The order of the output is fixed: it is always lexicographical in the order that the arrays are written. (Before Python 3.6, the order of keys in a dict were not guaranteed, so the dict interface is not recommended for these versions of Python.) Thus, it is not possible to group by three in the example above.

To emulate an SQL or Pandas “group by” operation, put the keys that you wish to group by first and use nested=[0] or nested=[n] to group by unique n-tuples. If necessary, record keys can later be reordered with a list of strings in ak.Array.__getitem__.

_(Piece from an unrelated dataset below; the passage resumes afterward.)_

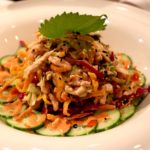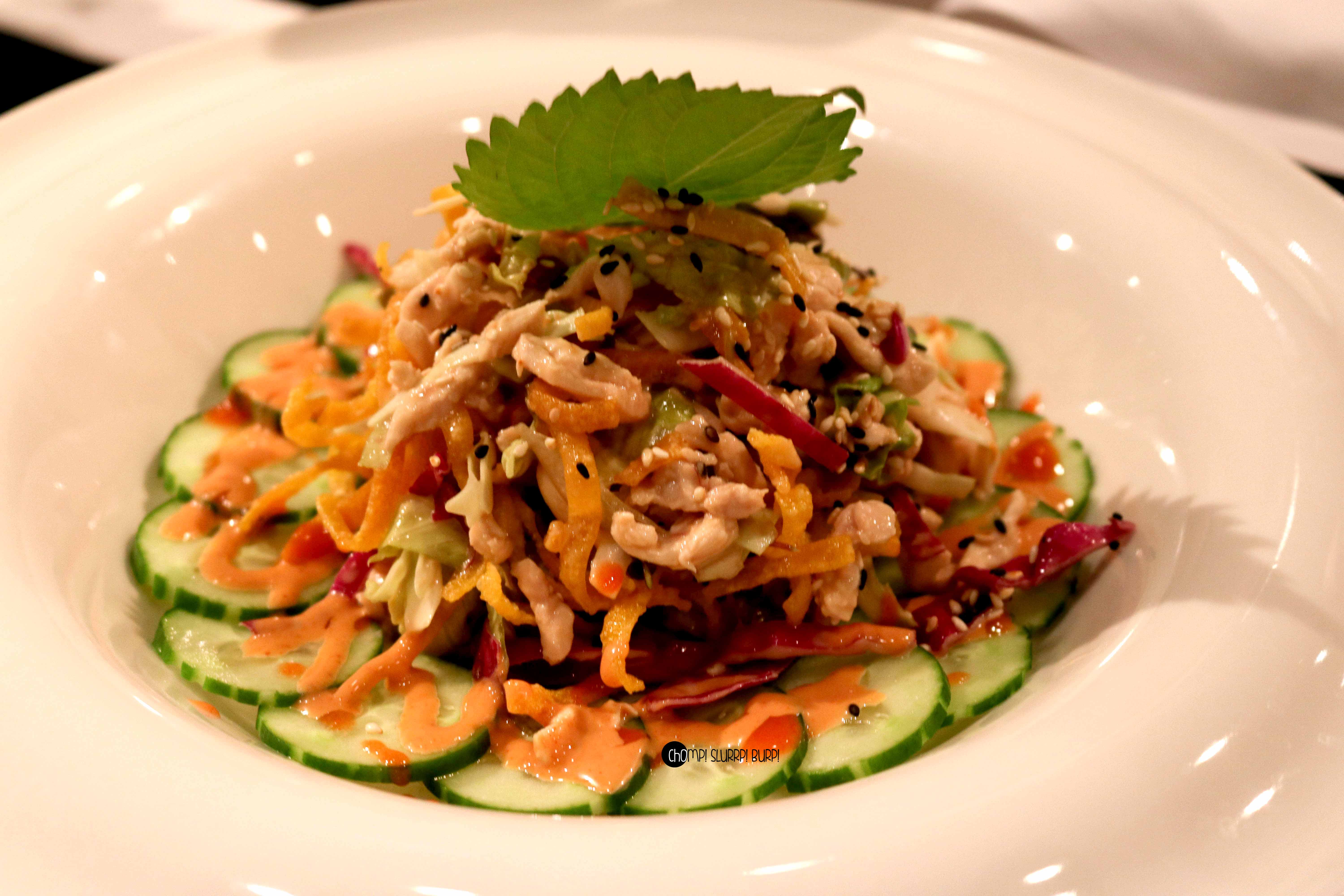 Shredded Chicken marinated in a creamy sauce and tossed with wonton crisps. All this on a bed of cucumber and Cabbage, the crispiness of was well balanced with the tender chicken. A must try!

To get list index positions in the tuples/records, rather than data from the original arrays, use ak.argcartesian instead of ak.cartesian. The ak.argcartesian form can be particularly useful as nested indexing in ak.Array.__getitem__.